# Night fishing generators?



## AznGunner (Jul 21, 2010)

I'm looking at getting a night fishing setup......generator and lights. I'd like to get a portable Honda, but of course that's big $$$$. I've been looking at the cheapies from Harbor Freight.....anybody have knowledge of them:

http://www.harborfreight.com/engine...s-900-max-watts-portable-generator-66619.html

Any suggestions for this setup is appreciated!


----------



## McDaniel8402 (Dec 7, 2011)

AznGunner said:


> I'm looking at getting a night fishing setup......generator and lights.

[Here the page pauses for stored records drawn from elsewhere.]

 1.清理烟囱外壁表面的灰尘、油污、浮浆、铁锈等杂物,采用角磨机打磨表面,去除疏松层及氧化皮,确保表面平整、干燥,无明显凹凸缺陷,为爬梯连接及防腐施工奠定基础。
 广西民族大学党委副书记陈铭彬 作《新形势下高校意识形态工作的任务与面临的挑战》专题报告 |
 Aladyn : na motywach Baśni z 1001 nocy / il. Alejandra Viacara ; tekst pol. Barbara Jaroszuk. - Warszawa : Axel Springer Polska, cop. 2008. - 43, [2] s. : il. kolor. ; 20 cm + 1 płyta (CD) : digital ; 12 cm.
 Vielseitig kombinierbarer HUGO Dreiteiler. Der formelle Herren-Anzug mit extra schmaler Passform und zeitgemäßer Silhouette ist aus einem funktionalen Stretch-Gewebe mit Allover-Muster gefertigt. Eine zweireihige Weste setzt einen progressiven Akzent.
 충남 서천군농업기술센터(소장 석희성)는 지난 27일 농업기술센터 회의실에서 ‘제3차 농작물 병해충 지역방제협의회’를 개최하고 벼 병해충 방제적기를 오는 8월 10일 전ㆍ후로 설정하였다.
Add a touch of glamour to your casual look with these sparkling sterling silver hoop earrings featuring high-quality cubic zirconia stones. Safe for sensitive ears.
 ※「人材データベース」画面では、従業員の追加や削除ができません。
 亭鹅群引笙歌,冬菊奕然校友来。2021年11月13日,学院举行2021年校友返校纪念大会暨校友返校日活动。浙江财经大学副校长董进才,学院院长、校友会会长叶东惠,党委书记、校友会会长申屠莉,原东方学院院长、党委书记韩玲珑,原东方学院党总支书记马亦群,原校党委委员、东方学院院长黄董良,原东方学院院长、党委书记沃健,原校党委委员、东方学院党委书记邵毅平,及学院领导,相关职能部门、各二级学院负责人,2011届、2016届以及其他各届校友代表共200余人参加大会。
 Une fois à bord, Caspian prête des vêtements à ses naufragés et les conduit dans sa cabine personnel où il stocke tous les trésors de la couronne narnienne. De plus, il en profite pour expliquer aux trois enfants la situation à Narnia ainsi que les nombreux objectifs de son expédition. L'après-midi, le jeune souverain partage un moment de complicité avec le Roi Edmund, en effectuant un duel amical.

I'd like to get a portable Honda, but of course that's big $$$$. I've been looking at the cheapies from Harbor Freight.....anybody have knowledge of them:
> 
> http://www.harborfreight.com/engine...s-900-max-watts-portable-generator-66619.html
> 
> Any suggestions for this setup is appreciated!


Stay away from ANY power equipment from Harbor Freight. Hand tools are one thing, little throw away type stuff, ok, but you go buying a generator, or compressor, or anything else along those lines and you are buying the cheapest of cheap, junk made in China. Stuff with ZERO quality control, and very poor design/engineering built into it. I'm with you on trying to save some money, and you can, but don't attemp it by buying Harbor Freight power equipment. You will absolutely regret it. Try searching Craigslist for a used generator. Best bet would be something 2500 watts or bigger. Honda's are quiet as a mouse, and great machines. At work i used to use a small Honeywell, 2000 watt machine. It was quiet, but not durable. It quit on us, and had to be junked out. Yamaha builds a nice machine, but they are pretty noisy.


----------



## callsignsleepy (Apr 3, 2007)

How strong of lights do you plan on using? I've used two 1000w lights which means I run a 2500-3000w normal run. Not the peak. You usually don't want to run the generator at 100% 

Sent from my MB525 using Tapatalk 2


----------



## mike (Jun 6, 2011)

I have the honda 2000w . I bought it a few years ago and it was pricey ($800) but is nice. Its fairly quite but still loud if you bring it on a boat. On the bank it's fine you can easily talk over it but, it's definetly not silent by any means.


----------



## McDaniel8402 (Dec 7, 2011)

My neighbor used to have a little single cylinder, 2-stroke generator. Not sure the brand. It didn't have much power, but we used it. Used to take it with us spear fishing, to be able to power an angle grinder and re-sharpen spear tips after they had been shot in to the rocks at the jetties one to many times. We used it a few times to power a single halogen flood light.


----------



## Capt. Billy (Mar 6, 2010)

I bought a copy of the Honda and it lasted a few months. Had the Honda now for over a year and works great, but it is expensive.


----------



## turbodrive (Apr 28, 2012)

just buy some 27 watt leds from customfitz.com. Plenty bright and you can run 6 of them on one 12v battery for 8 hours. No generator noise. But if your looking for a cheap genny look at the kipor

check out all the reviews and pics here

http://bow.fishingcountry.com/forums/forumdisplay.php?13-Lighting


----------



## flatsmaster14 (Mar 25, 2011)

The harbor freight one works, but.. It's loud, smokes, and you almost have to strap it down or it will walk off your boat! Go led


----------



## crawdaddct (Sep 14, 2011)

The LED and a good battery sounds like the best way to go. If you want a generator for other things, stay away from harbor freight for the generator. Now their halogen lights are hard to beat at $20 bucks with a stand. I would check out the pawn shops. I was in one last week and they had two rows full of generator. Every brand imaginable. You may have to clean the carbs, but thats where I buy mine.


----------



## Chase4556 (Aug 26, 2008)

http://www.harborfreight.com/engine...-3500-max-watts-gasoline-generator-67561.html

My buddy bought that one about 4 years ago now. Running two 1000w par 64 bulbs. It will run all night, and we only have to add about 2 1/2 gallons to it for about 9 hours of run time. We obviously took care of it when we got home. We would gently spray it down with water when we got home, blow it dry, then spray corrosion x on all metal. Ran fuel treatment in it at all times, and ran the carb dry every time we stored it.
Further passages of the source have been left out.